In this blog series, I’ll be sharing simple tips and tricks on how to take better pictures and document life’s everyday stories with the device in our back pocket. This series includes some instruction given at past iPhoneography workshops. Android users welcome! I am an iPhone user, however, many tips and photo standards are universal regardless of the device snapping the photo.
With the fast paced movement of mobile technology, we’ve updated our class content multiple times over the years.
For those of you who have had the privilege of taking our hands-on course; this blog series will be a great review. We’ll also keep you up to date on mobile photography changes and the latest trends.
Let’s get started! In this post, we’ll focus on the iPhone hardware and how it works.
Snapping a Selfie? Try not to use the back lens (the lens facing you while viewing). This lens is different from the front facing lens, you’ll notice your photos will not be as sharp as it only shoots at 1.2 Megapixels. The universal phone lens for the iPhone 4, 5, and 5s is 8 megapixels– a huge improvement in mobile technology!
Since our iPhone’s shutter controls are digital, we run into software based “shutter lag” (the time between when you take the picture and when the sensor actually records the picture). The on screen shutter button trips after you lift your finger, not when you press it.

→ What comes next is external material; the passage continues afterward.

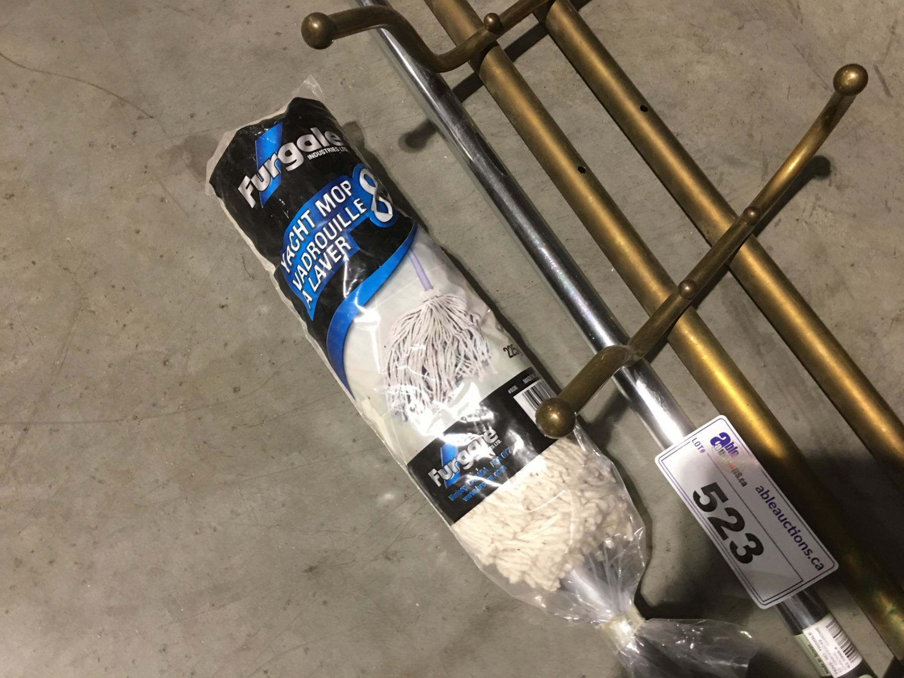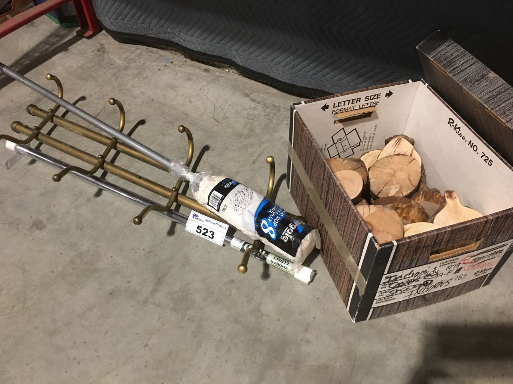 GROUP LOT - ANTIQUE BRASS COAT HOOK SET/SHOWER/CLOSET TENSION ROD/YACHT MOP/BOX OF WOOD PIECES

When the light is abundant, as it is outdoors in the middle of a sunny day, the shutter stays open for such a short period of time that you don’t have to worry about camera shake. Less light in the scene (which is almost always the case indoors), the shutter stays open much longer and even the slightest movement of the iPhone will be a problem.
Answer: DO NOT ZOOM!
Compact & Pro cameras use optical zoom. iPhone camera uses digital zoom, making the pixels big and blocky.
Digital Zoom makes it hard to take a steady photo. Move closer to the subject, or crop later to avoid camera shake.